Posts Tagged ‘Jamey Rodemeyer’

Schools Should Become More Involved With Cyberbullying

October 8, 2011

At present schools have been able to turn a blind-eye to cyberbullying.   As the offence occurs out of school hours, schools have been only too happy to handball the problem to the parents of the bully.  Whilst I believe that parents are ultimately responsible for the actions of their children, I ask that schools do more to help deal with this ongoing problem.

The reason why I feel schools should involve themselves more actively with this issue is that most cases result from pre-existing schoolyard bullying.  Having started in the playground and classroom, the bullying then gets transferred online.  Whilst the school isn’t liable for what goes on after school, the problem is often a result of what started during school hours.

To me, the best schools are the ones that work with the parents in a partnership for the wellbeing of their students.  For a school to excel it needs to show that it cares about its students beyond its working hours.  That is why a teacher or staff member that is aware of cyberbullying must be able to do more than discuss the issue with the class.  They must be able to contact parents, impose sanctions and actively change the situation at hand.

We also have to understand what cyberbullying is and why kids do it.

I disagree with ABC online columnist, Hemu Nigam, who is of the view that cyberbullying is about “hating” others:

Suicides from cyberbullying are extreme cases that draw attention. Media and government attention are creating a panic around the wrong issue. The issue isn’t so much that a child killed himself because he was cyberbullied. He did it because he was subjected to hate crime — harassment based on sexual preference, race and the like — couldn’t get it to stop, and felt hopeless, eventually leading to suicide. Thus, the attention needs to go to the source. How do you teach young people to be kind, open, or at the very least accepting of kids different from them?

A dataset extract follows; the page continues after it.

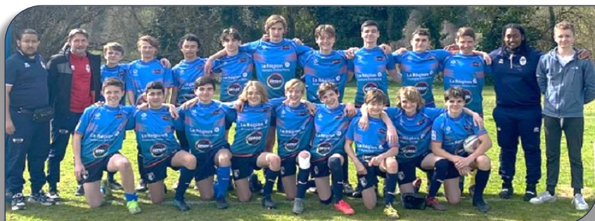
La formation du Comité Rhône et Métropole de Lyon de rugby à XIII

Deux jours 100% rugby à XIII ! Au stade Lucien Desprats, les U15 se sont affrontés lors du tournoi inter-comités. Le samedi était consacré aux phases de poule, tandis que le dimanche se déroulaient les phases finales. Les demi-finales ont été remportées par l'Aude face au comité Haute-Garonne et par le Pays Catalan face au Tarn. Le Comité Rhône et Métropole de Lyon rugby à XIII termine 8ème, dauphin de la Poule Développement derrière le Lot/Aveyron. Le matin pour la demi-finale la sélection du Vaucluse s'est imposée 12 à 0 face au Rhône.

If we are to ever put a stop to bullying — wherever and however it takes place — we must step back for a moment and think of what we have done for many years before “cyber” became an indelible part of our language.

I am reminded of this lesson my father taught my brothers and me as we were growing up. Like many kids do, we would say we “hated” something or someone. Perhaps it was a certain food or a person in our school. My father always reminded us not to hate by not allowing us to use the word “hate.” We could simply express our feelings by talking about what we didn’t like about a thing or agree with about a person.

As we adopted this house rule, we found ourselves talking about things and people we liked more than the things and people we didn’t like. Today I find myself sharing the same lesson with my own children. I am hearing them talk about things they like about a person or thing without mentioning hate. The lessons that strengthen tolerance begin in the home, “cyber”-connected or not.

It is my belief that cyber-bullying is often based on “dominance” and “popularity” rather than “hate”.  I don’t think most cyberbullies hate their victims.  Instead, I think they see them as stepping-stones to wider acceptance from their peer group.  Often the victims are minorities or outcasts.  The pressure to be in the “in group” has always been high.  For an “in group” to exist there needs to be a clearly defined “out group”.  It is often seen as a sort of right of passage for someone seeking popularity to kick the easy target.

If my theory is right, there is even more reason for schools to see cyberbullying as a problem that they have a significant share in.

Not Enough is Done To Curb Bullying in Schools

September 23, 2011

Parents are right when they express a lack of confidence in the way bullying behaviour is being handled by schools.  Schools just don’t seem to find dealing with the problem anywhere as near a priority as performing in standardised tests.  Schools nowadays use simplistic and inept anti-bullying policies to point out to parents that they are proactive on the issue.  In truth, all anti-bullying policies really does is protect a school from lawsuits.  If policies worked the problem would’t be getting worse.  But it is.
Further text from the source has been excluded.